[Data records Boundary: Start]

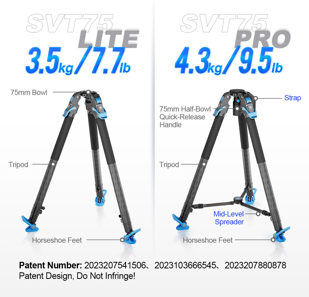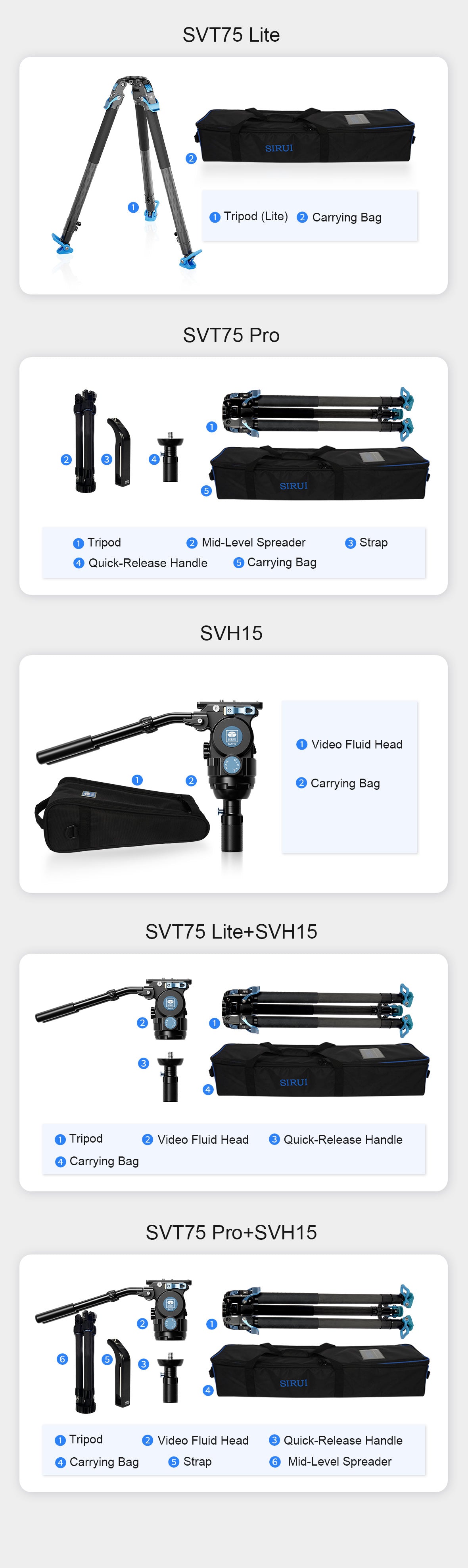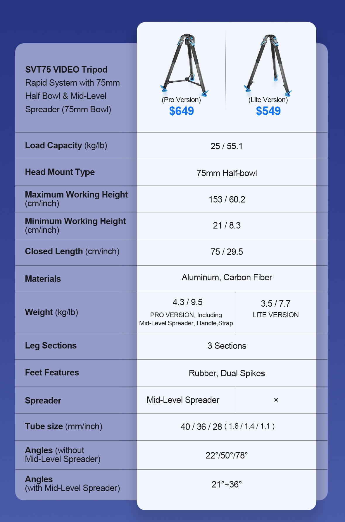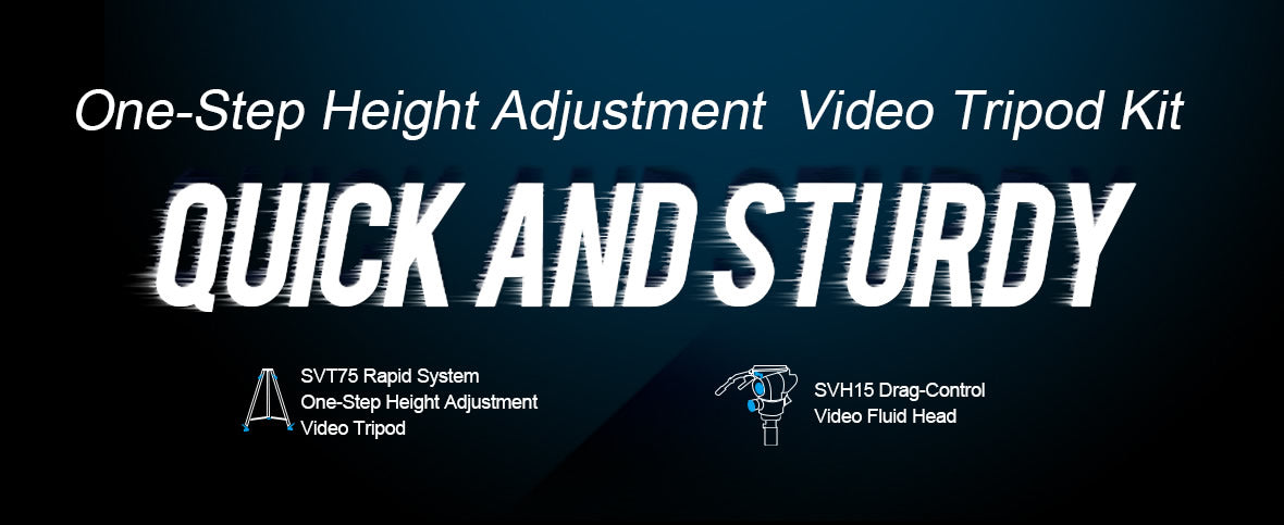 이 견고한 원스텝 높이 조절 비디오 삼각대는 SVT75 Lite와 SVT75 Pro 두 가지 버전이 있습니다.
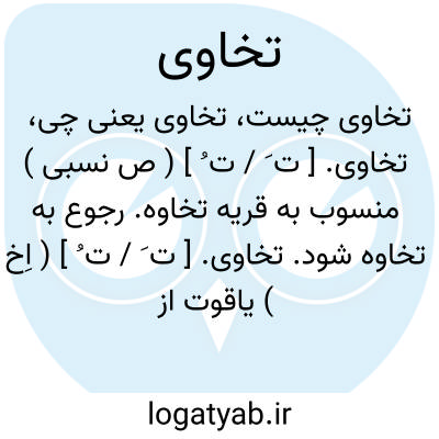 تخاوی. [ ت َ / ت ُ ] ( ص نسبی ) منسوب به قریه تخاوه. رجوع به تخاوه شود.
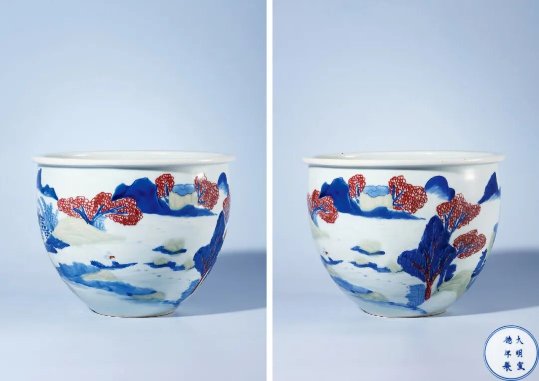 清康熙 釉里三彩通景山水人物景致图案缸
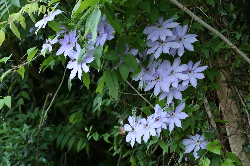 枝先に大きな花を1個つける。花弁のように見える萼片は普通8個あり、長さ6㎝、幅3cmほどで淡紫色か、白色がほとんどである。
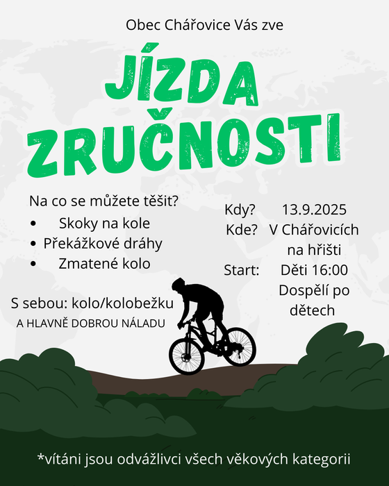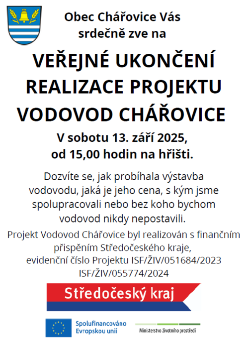 Obec Chářovice Vás zve na oslavu zprovoznění vodovodu, která se koná v sobotu 13.9. na hřišti od 15,00 hodin. Dále bude následovat pro zájemce z řad dětí, ale i dospělých, jízda zručnosti na kole/koloběžce a volná zábava.
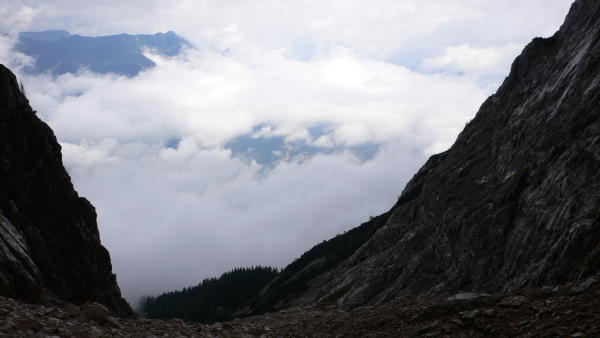 Landschaftlich großartige Tour in absoluter Einsamkeit, großartig die Blicke auf die Felsabstürze Zwölfer-Kopf und hinüber zum Großen Waxenstein. Eindrücklich der Tiefblick ins Höllental.
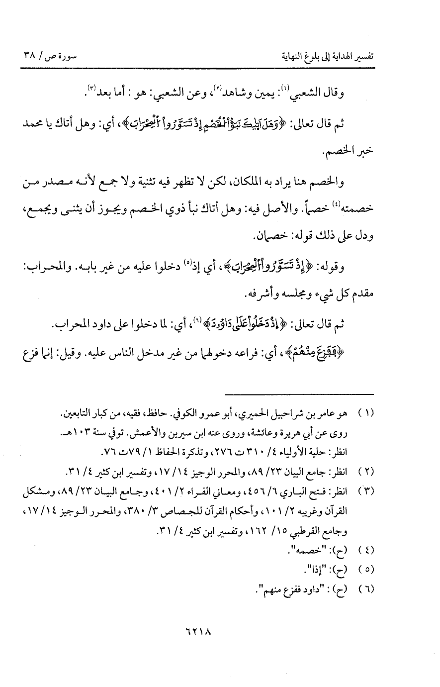 ثم قال تعالى: {وَهَلْ أَتَاكَ نَبَؤُاْ الخصم إِذْ تَسَوَّرُواْ المحراب}، أي: وهل أتاك يا محمد خبر الخصم.
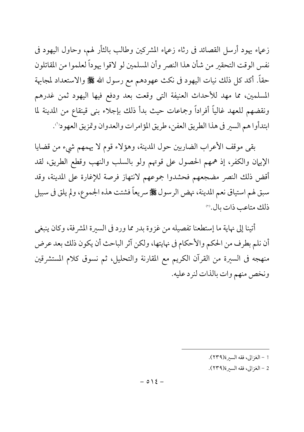 أتينا إلى نهاية ما إستطعنا تفصيله من غزوة بدر مما ورد في السيرة المشرفة، وكان ينبغى أن نلم بطرف من الحكم والأحكام في نهايتها، ولكن آثر الباحث أن يكون ذلك بعد عرض منهجه في السيرة من القرآن الكريم مع المقارنة والتحليل، ثم نسوق كلام المستشرقين ونخص منهم وات بالذات لنرد عليه.

[Data records Boundary: End]

Required action
Say again, exactly, only those lines of the records that run from the start through the line with "枝先に大きな花を1個つける。". Pictures are to be skipped.

Solution to this exercise
 이 견고한 원스텝 높이 조절 비디오 삼각대는 SVT75 Lite와 SVT75 Pro 두 가지 버전이 있습니다.
 تخاوی. [ ت َ / ت ُ ] ( ص نسبی ) منسوب به قریه تخاوه. رجوع به تخاوه شود.
 清康熙 釉里三彩通景山水人物景致图案缸
 枝先に大きな花を1個つける。花弁のように見える萼片は普通8個あり、長さ6㎝、幅3cmほどで淡紫色か、白色がほとんどである。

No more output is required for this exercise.